Assignment
Nothing but the lines from the first line of the records through the line with "وقال الشعبي تمارى" should be output, exactly as written and free of pictures.
── Extracted entries
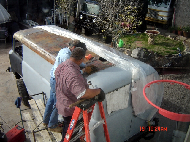 Here's Jesse and Ken tack welding the roof panels together. It will take some time to get it all welded up, but what an excellent job they are performing! I can't wait to see it in person.
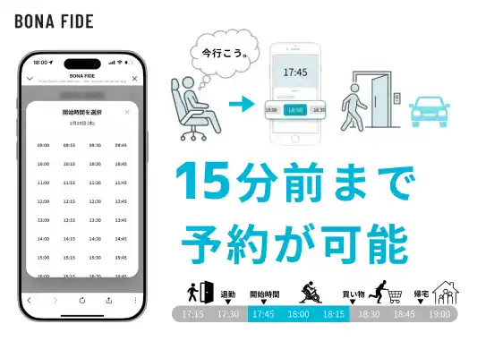 ・15分刻みの柔軟な予約設計 ・直前15分前まで予約可能 ・直前でもワンタップで前後30分まで変更OK |
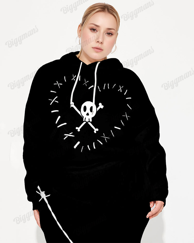 The skull-themed two-piece set is edgy and unique.The hoodie features a detailed skull print on the front, with bold lines that make the design stand out.Whether you're into street fashion or just want to add some attitude to your wardrobe, this skull-themed set is a great choice.
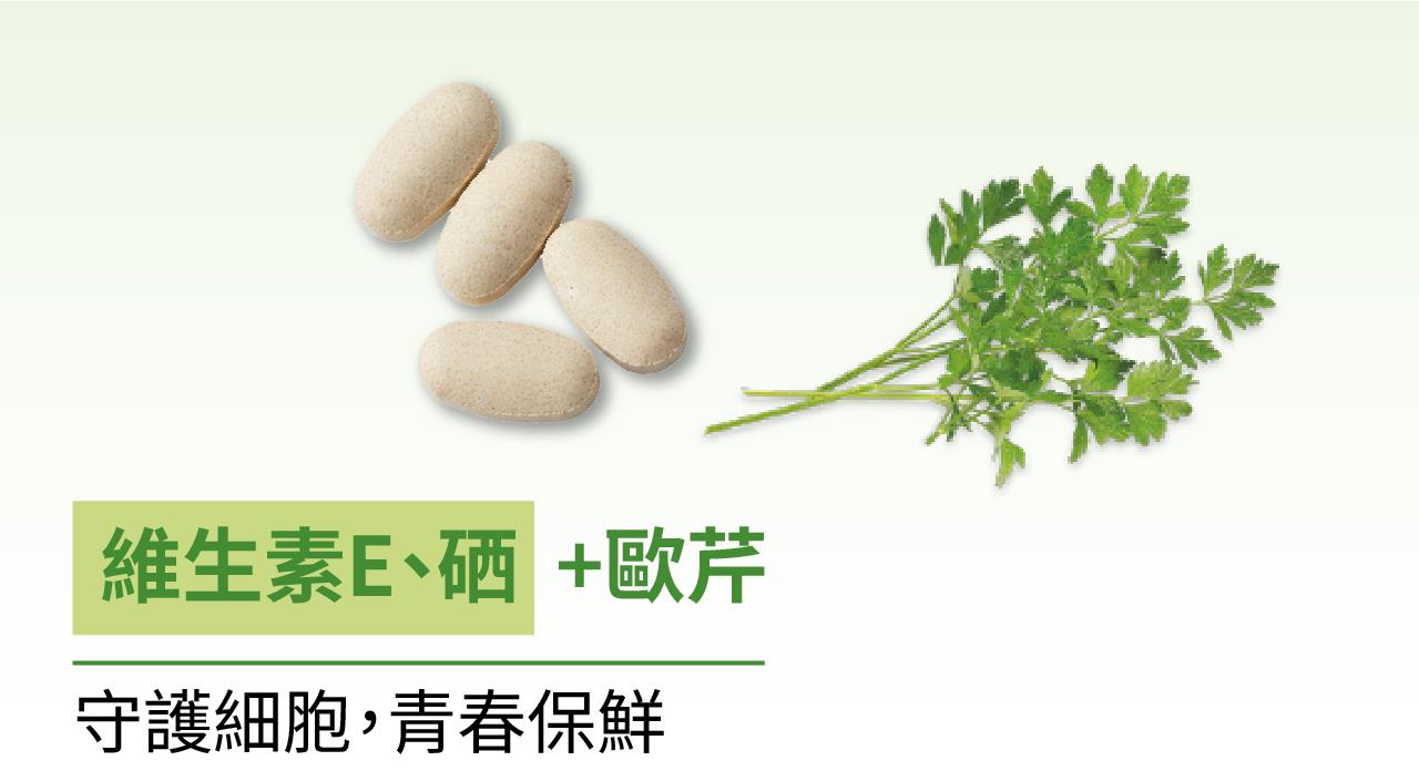 維生素E:脂溶性的維生素E有強大的抗氧化力,能保護細胞膜免受過氧化損傷,保護心血管疾病及保持靑春。硒則能與E相輔相成加強效能。
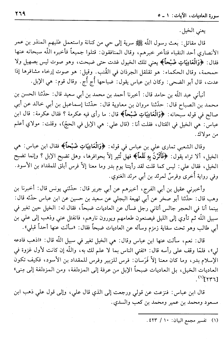 وقال الشعبي تمارى علي ابن عباس في قوله: وَالْعادِياتِ ضَبْحاً فقال ابن عباس: هي الخيل، ألا تراه يقول: فَأَثَرْنَ بِهِ نَقْعاً فهل تثير إلّا بحوافرها، وهل تضبح الإبل؟ وإنما تضبح الخيل، فقال علي: ليس كما قلت لقد رأيتنا يوم بدر وما معنا إلّا فرس أبلق للمقداد بن الأسود.
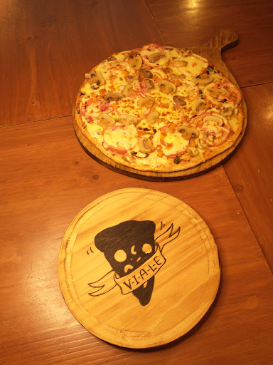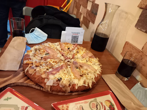 La pizza estuvo muy rica. Ordenamos una Carbonara, nos gusto que tuviera bastante cebolla, champiñones y tocino. Tambien tuvo pollo y espinaca. Los sabores muy bien balanceados. La chicha también estuvo rica.
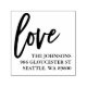Timbre en caoutchouc personnalisable avec script écrit à la main "love". Un accent parfait pour les papeteries et les étiquettes cadeaux.
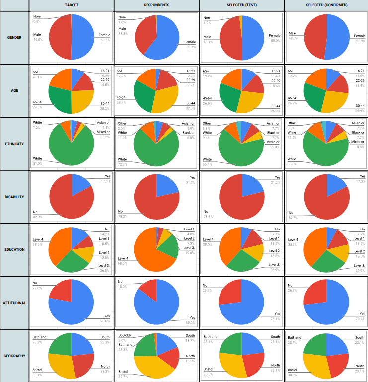 - Column 2 (Respondents): These pie charts summarise the information that was provided to us by the 300 people who signed up as potential participants for the Citizens Assembly for Culture. There is some skewing in statistics here compared with our target: for instance, only 3.3% of respondents were aged between 16 and 21.
────
Response to this task
 Here's Jesse and Ken tack welding the roof panels together. It will take some time to get it all welded up, but what an excellent job they are performing! I can't wait to see it in person.
 ・15分刻みの柔軟な予約設計 ・直前15分前まで予約可能 ・直前でもワンタップで前後30分まで変更OK |
 The skull-themed two-piece set is edgy and unique.The hoodie features a detailed skull print on the front, with bold lines that make the design stand out.Whether you're into street fashion or just want to add some attitude to your wardrobe, this skull-themed set is a great choice.
 維生素E:脂溶性的維生素E有強大的抗氧化力,能保護細胞膜免受過氧化損傷,保護心血管疾病及保持靑春。硒則能與E相輔相成加強效能。
 وقال الشعبي تمارى علي ابن عباس في قوله: وَالْعادِياتِ ضَبْحاً فقال ابن عباس: هي الخيل، ألا تراه يقول: فَأَثَرْنَ بِهِ نَقْعاً فهل تثير إلّا بحوافرها، وهل تضبح الإبل؟ وإنما تضبح الخيل، فقال علي: ليس كما قلت لقد رأيتنا يوم بدر وما معنا إلّا فرس أبلق للمقداد بن الأسود.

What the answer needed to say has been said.